Abstract

Network survivability provided at the optical layer is a desirable feature in modern high-speed networks. For example, the wavelength division multiplexed (WDM) self-healing ring (or SHR/WDM) provides a simple and fast optically transparent protection mechanism against any single fault in the ring. Multiple self-healing rings may be deployed to design a survivable optical mesh network by superposing a set of rings on the arbitrary topology. However, the optimum design of such a network requires the joint solution of three subproblems: the ring cover of the arbitrary topology (the RC subproblem); the routing of the working lightpaths between end node pairs to carry the offered traffic demands (the WL subproblem); and the provisioning of the SHR/WDM spare wavelengths to protect every line that carries working lightpaths (the SW subproblem). The complexity of the problem is exacerbated when software and hardware requirements pose additional design constraints on the optimization process. The paper presents an approach to optimizing the design of a network with arbitrary topology protected by multiple SHRs/WDM. Three design constraints are taken into account, namely, the maximum number of rings acceptable on the same line, the maximum number of rings acceptable at the same node, and the maximum ring size.

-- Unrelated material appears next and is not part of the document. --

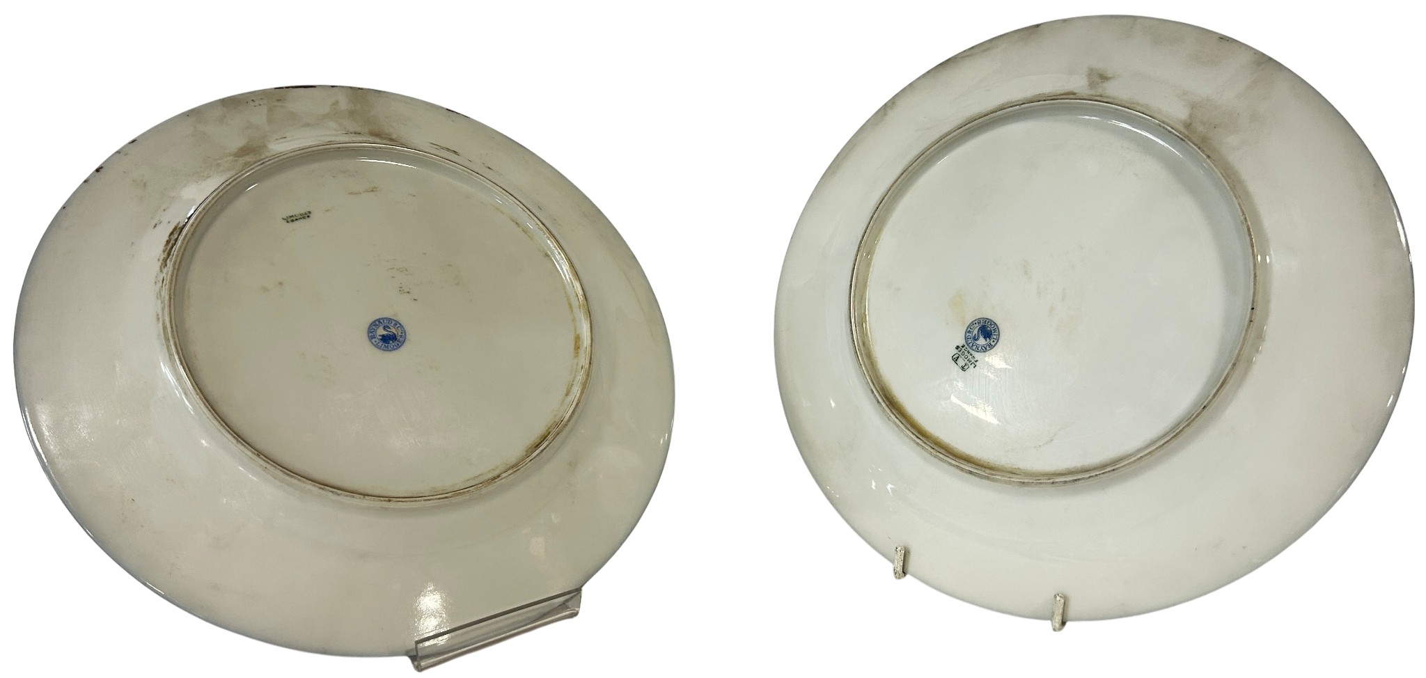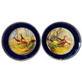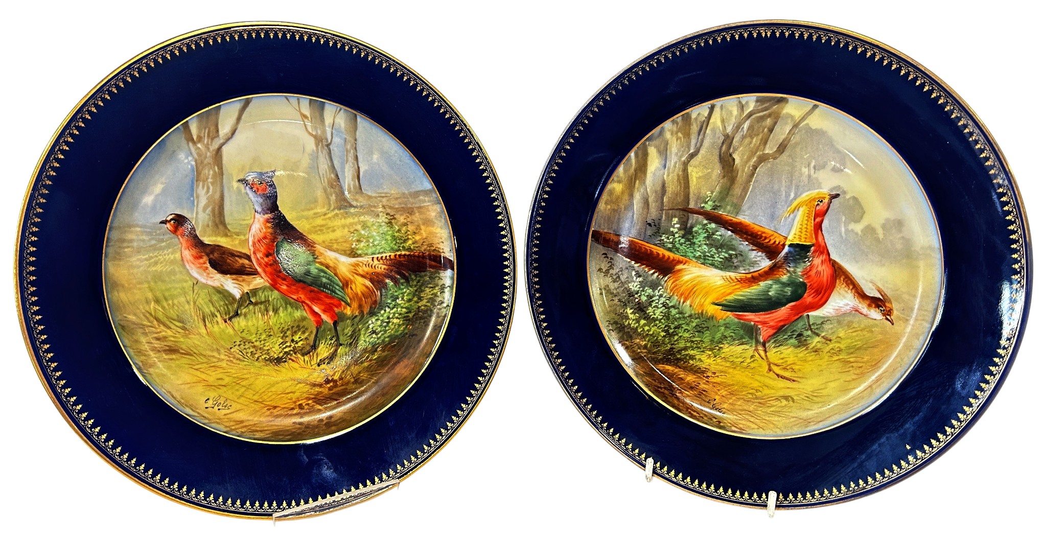 Pair of Limoges decorative plates showing Golden and Common Pheasants, set within blue and gilt borders, signed C. Golas

The first objective is to minimize the total wavelength mileage (working and protection) required in the given topology to carry a set of traffic demands. The exact definition of the problem is given based on an integer linear programming (ILP) formulation that takes into account the design subproblems and constraints and assumes ubiquitous wavelength conversion availability. To circumvent the computational complexity of the exact problem formulation, a suboptimal solution is proposed based on an efficient pruning of the solution space. By jointly solving the three design subproblems, it is numerically demonstrated that the proposed optimization technique yields up to 12% reduction of the total wavelength mileage when compared to solutions obtained by sequentially and independently solving the subproblems. The second objective is to reduce the number of wavelength converters required in the solution produced by the ILP formulation. Two approaches are proposed in this case that trade the required wavelength mileage for the number of wavelength converters.